Source records:
——

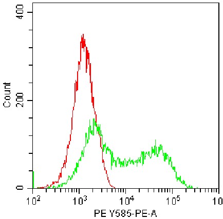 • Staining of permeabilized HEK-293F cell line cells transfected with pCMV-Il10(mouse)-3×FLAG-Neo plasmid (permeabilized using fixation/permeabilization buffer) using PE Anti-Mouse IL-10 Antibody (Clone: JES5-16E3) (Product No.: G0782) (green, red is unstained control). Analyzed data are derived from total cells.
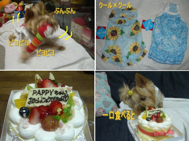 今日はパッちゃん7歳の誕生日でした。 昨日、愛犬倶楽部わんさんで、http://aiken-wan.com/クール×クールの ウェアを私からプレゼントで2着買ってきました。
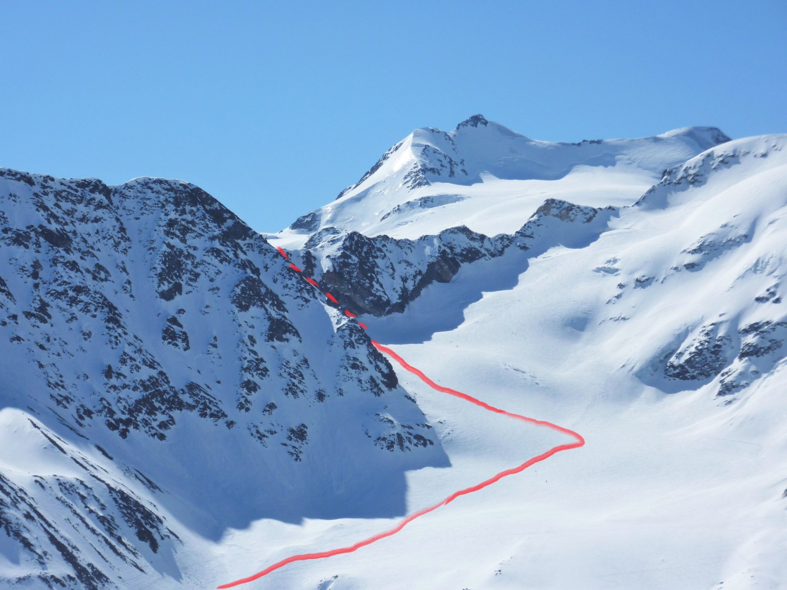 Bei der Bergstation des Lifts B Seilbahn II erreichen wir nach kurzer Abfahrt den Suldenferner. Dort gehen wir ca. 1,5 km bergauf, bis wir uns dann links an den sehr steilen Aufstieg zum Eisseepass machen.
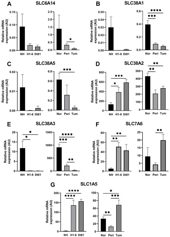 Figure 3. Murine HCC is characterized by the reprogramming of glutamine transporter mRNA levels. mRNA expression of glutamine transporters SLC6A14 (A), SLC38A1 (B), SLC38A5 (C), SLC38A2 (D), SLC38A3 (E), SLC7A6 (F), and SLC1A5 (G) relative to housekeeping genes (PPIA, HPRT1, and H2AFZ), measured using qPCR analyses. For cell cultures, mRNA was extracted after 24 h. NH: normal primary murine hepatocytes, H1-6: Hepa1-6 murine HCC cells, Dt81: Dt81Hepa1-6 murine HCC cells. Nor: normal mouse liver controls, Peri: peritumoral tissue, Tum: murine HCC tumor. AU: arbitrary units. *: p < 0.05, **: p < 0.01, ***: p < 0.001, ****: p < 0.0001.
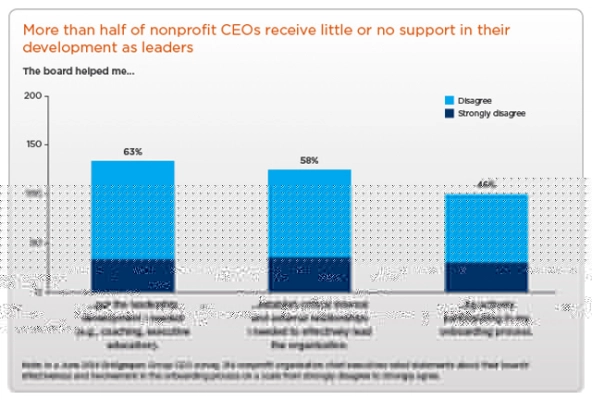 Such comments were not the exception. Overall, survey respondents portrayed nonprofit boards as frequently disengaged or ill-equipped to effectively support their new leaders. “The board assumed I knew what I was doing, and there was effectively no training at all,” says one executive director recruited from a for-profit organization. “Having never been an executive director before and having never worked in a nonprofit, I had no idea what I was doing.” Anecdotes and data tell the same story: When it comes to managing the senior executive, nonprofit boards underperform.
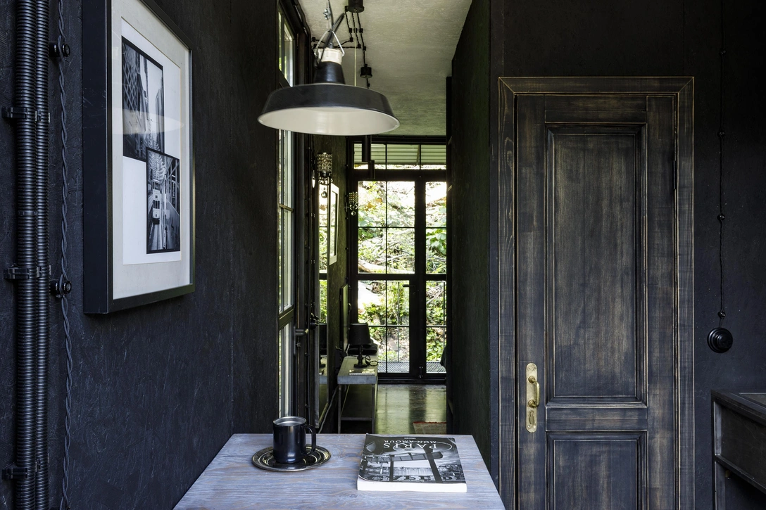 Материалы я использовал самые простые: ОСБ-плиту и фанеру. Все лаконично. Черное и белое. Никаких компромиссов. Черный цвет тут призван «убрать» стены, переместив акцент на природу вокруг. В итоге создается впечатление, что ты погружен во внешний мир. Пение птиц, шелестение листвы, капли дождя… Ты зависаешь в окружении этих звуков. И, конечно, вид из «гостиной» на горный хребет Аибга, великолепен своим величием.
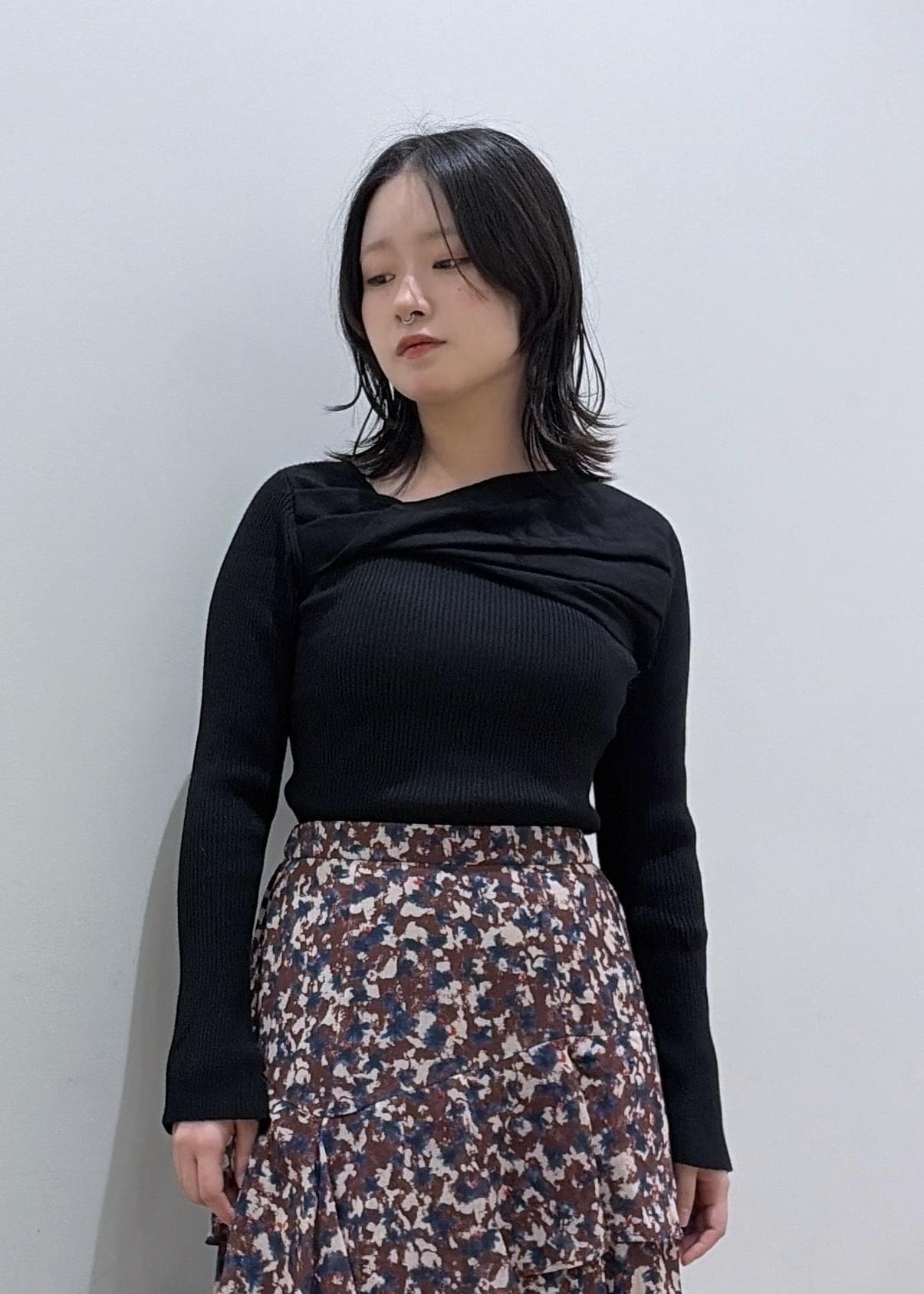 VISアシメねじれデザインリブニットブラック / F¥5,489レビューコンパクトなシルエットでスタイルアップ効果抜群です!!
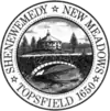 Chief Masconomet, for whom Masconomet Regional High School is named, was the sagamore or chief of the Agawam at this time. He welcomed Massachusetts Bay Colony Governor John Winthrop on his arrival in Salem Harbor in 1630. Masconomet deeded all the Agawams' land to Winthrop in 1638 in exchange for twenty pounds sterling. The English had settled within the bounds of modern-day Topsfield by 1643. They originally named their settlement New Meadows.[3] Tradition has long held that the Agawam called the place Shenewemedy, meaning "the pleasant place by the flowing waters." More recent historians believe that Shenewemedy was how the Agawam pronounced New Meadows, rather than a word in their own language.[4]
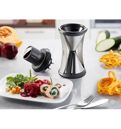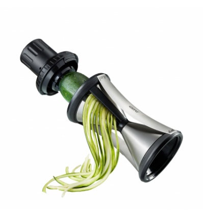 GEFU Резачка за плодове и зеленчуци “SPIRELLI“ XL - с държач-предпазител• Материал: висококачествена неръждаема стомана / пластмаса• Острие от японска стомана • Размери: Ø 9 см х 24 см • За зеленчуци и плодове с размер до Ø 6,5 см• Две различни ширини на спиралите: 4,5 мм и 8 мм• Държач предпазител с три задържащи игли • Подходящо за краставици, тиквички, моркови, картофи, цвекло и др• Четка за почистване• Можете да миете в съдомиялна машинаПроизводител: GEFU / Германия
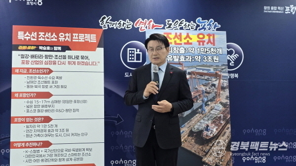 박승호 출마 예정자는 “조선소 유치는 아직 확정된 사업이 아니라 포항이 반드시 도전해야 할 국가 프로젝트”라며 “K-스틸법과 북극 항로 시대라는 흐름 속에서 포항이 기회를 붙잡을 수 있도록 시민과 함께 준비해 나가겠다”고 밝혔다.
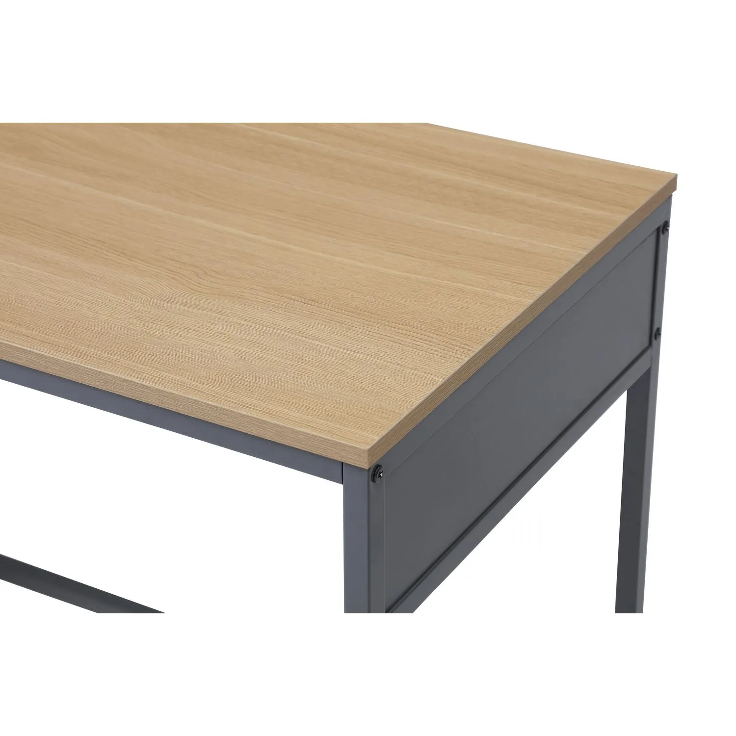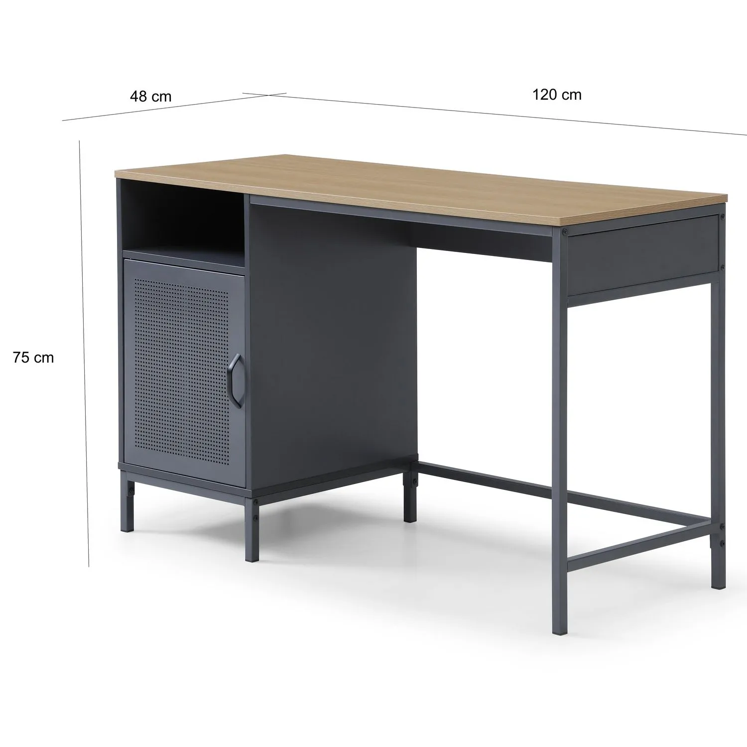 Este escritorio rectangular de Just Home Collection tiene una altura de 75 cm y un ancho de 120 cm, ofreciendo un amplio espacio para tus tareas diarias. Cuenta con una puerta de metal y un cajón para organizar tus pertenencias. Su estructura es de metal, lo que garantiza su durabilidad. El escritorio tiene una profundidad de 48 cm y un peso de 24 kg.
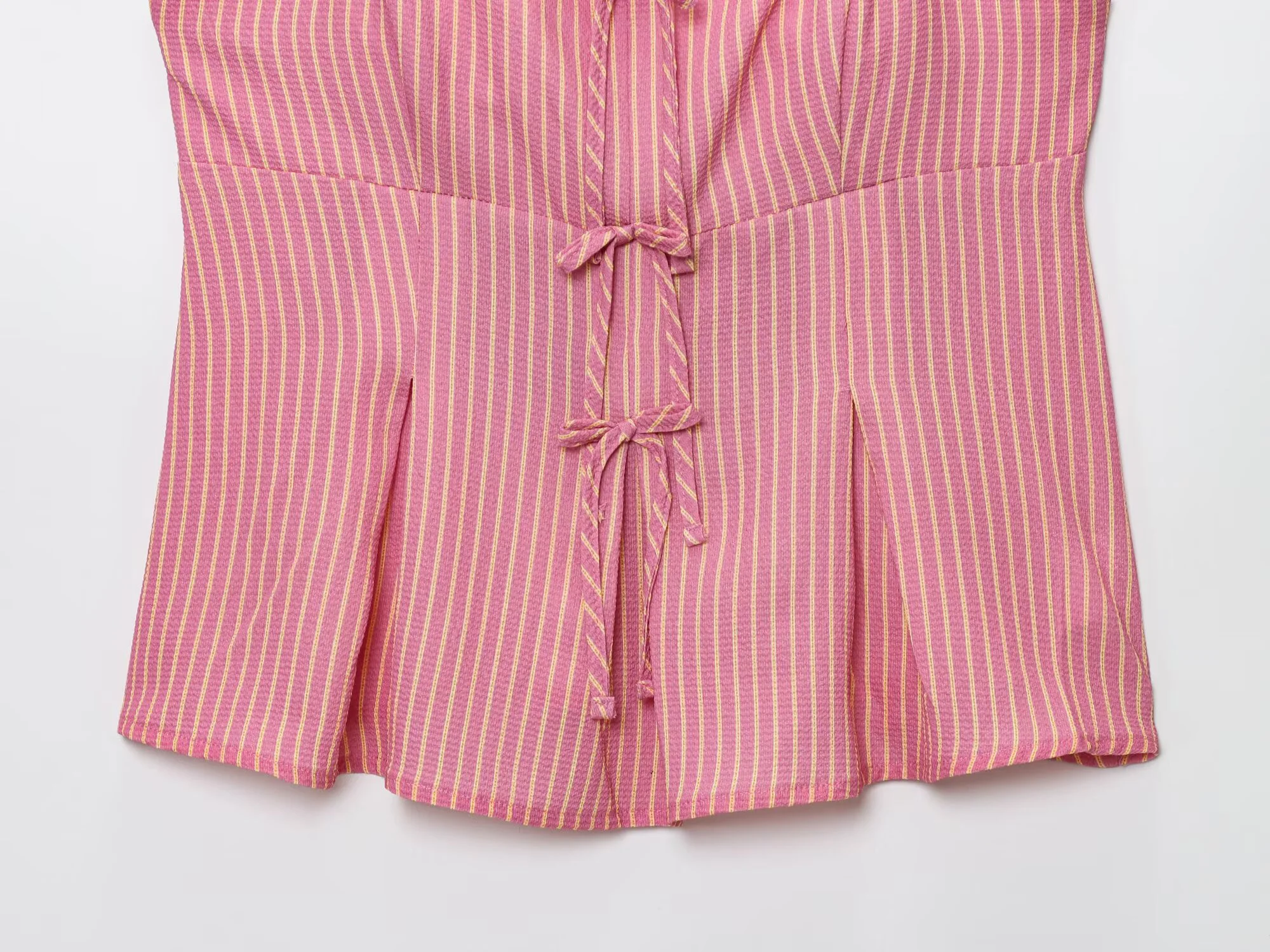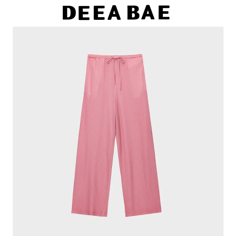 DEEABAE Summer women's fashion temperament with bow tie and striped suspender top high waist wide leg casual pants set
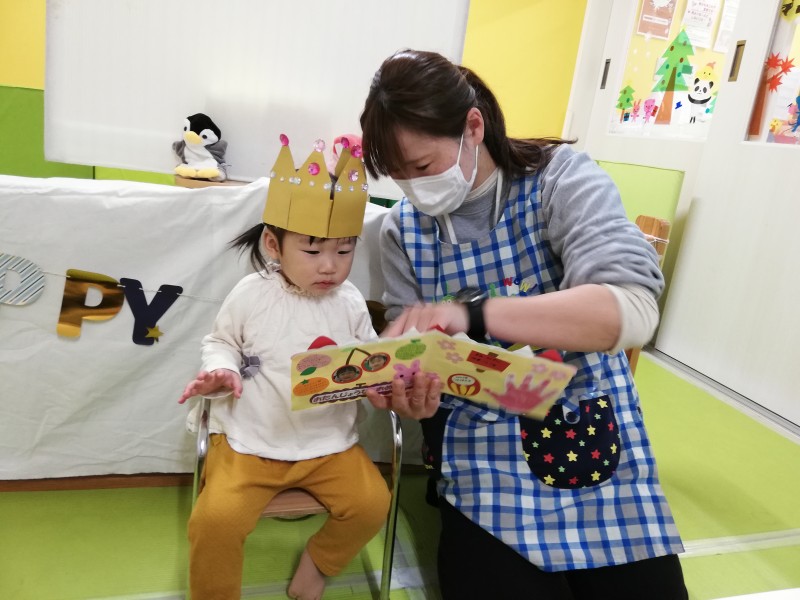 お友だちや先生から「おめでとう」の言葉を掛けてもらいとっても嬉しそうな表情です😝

——

Task instructions: The answer must restate each entry word for word and contain no images.

Solution:
 • Staining of permeabilized HEK-293F cell line cells transfected with pCMV-Il10(mouse)-3×FLAG-Neo plasmid (permeabilized using fixation/permeabilization buffer) using PE Anti-Mouse IL-10 Antibody (Clone: JES5-16E3) (Product No.: G0782) (green, red is unstained control). Analyzed data are derived from total cells.
 今日はパッちゃん7歳の誕生日でした。 昨日、愛犬倶楽部わんさんで、http://aiken-wan.com/クール×クールの ウェアを私からプレゼントで2着買ってきました。
 Bei der Bergstation des Lifts B Seilbahn II erreichen wir nach kurzer Abfahrt den Suldenferner. Dort gehen wir ca. 1,5 km bergauf, bis wir uns dann links an den sehr steilen Aufstieg zum Eisseepass machen.
 Figure 3. Murine HCC is characterized by the reprogramming of glutamine transporter mRNA levels. mRNA expression of glutamine transporters SLC6A14 (A), SLC38A1 (B), SLC38A5 (C), SLC38A2 (D), SLC38A3 (E), SLC7A6 (F), and SLC1A5 (G) relative to housekeeping genes (PPIA, HPRT1, and H2AFZ), measured using qPCR analyses. For cell cultures, mRNA was extracted after 24 h. NH: normal primary murine hepatocytes, H1-6: Hepa1-6 murine HCC cells, Dt81: Dt81Hepa1-6 murine HCC cells. Nor: normal mouse liver controls, Peri: peritumoral tissue, Tum: murine HCC tumor. AU: arbitrary units. *: p < 0.05, **: p < 0.01, ***: p < 0.001, ****: p < 0.0001.
 Such comments were not the exception. Overall, survey respondents portrayed nonprofit boards as frequently disengaged or ill-equipped to effectively support their new leaders. “The board assumed I knew what I was doing, and there was effectively no training at all,” says one executive director recruited from a for-profit organization. “Having never been an executive director before and having never worked in a nonprofit, I had no idea what I was doing.” Anecdotes and data tell the same story: When it comes to managing the senior executive, nonprofit boards underperform.
 Материалы я использовал самые простые: ОСБ-плиту и фанеру. Все лаконично. Черное и белое. Никаких компромиссов. Черный цвет тут призван «убрать» стены, переместив акцент на природу вокруг. В итоге создается впечатление, что ты погружен во внешний мир. Пение птиц, шелестение листвы, капли дождя… Ты зависаешь в окружении этих звуков. И, конечно, вид из «гостиной» на горный хребет Аибга, великолепен своим величием.
 VISアシメねじれデザインリブニットブラック / F¥5,489レビューコンパクトなシルエットでスタイルアップ効果抜群です!!
 Chief Masconomet, for whom Masconomet Regional High School is named, was the sagamore or chief of the Agawam at this time. He welcomed Massachusetts Bay Colony Governor John Winthrop on his arrival in Salem Harbor in 1630. Masconomet deeded all the Agawams' land to Winthrop in 1638 in exchange for twenty pounds sterling. The English had settled within the bounds of modern-day Topsfield by 1643. They originally named their settlement New Meadows.[3] Tradition has long held that the Agawam called the place Shenewemedy, meaning "the pleasant place by the flowing waters." More recent historians believe that Shenewemedy was how the Agawam pronounced New Meadows, rather than a word in their own language.[4]
 GEFU Резачка за плодове и зеленчуци “SPIRELLI“ XL - с държач-предпазител• Материал: висококачествена неръждаема стомана / пластмаса• Острие от японска стомана • Размери: Ø 9 см х 24 см • За зеленчуци и плодове с размер до Ø 6,5 см• Две различни ширини на спиралите: 4,5 мм и 8 мм• Държач предпазител с три задържащи игли • Подходящо за краставици, тиквички, моркови, картофи, цвекло и др• Четка за почистване• Можете да миете в съдомиялна машинаПроизводител: GEFU / Германия
 박승호 출마 예정자는 “조선소 유치는 아직 확정된 사업이 아니라 포항이 반드시 도전해야 할 국가 프로젝트”라며 “K-스틸법과 북극 항로 시대라는 흐름 속에서 포항이 기회를 붙잡을 수 있도록 시민과 함께 준비해 나가겠다”고 밝혔다.
 Este escritorio rectangular de Just Home Collection tiene una altura de 75 cm y un ancho de 120 cm, ofreciendo un amplio espacio para tus tareas diarias. Cuenta con una puerta de metal y un cajón para organizar tus pertenencias. Su estructura es de metal, lo que garantiza su durabilidad. El escritorio tiene una profundidad de 48 cm y un peso de 24 kg.
 DEEABAE Summer women's fashion temperament with bow tie and striped suspender top high waist wide leg casual pants set
 お友だちや先生から「おめでとう」の言葉を掛けてもらいとっても嬉しそうな表情です😝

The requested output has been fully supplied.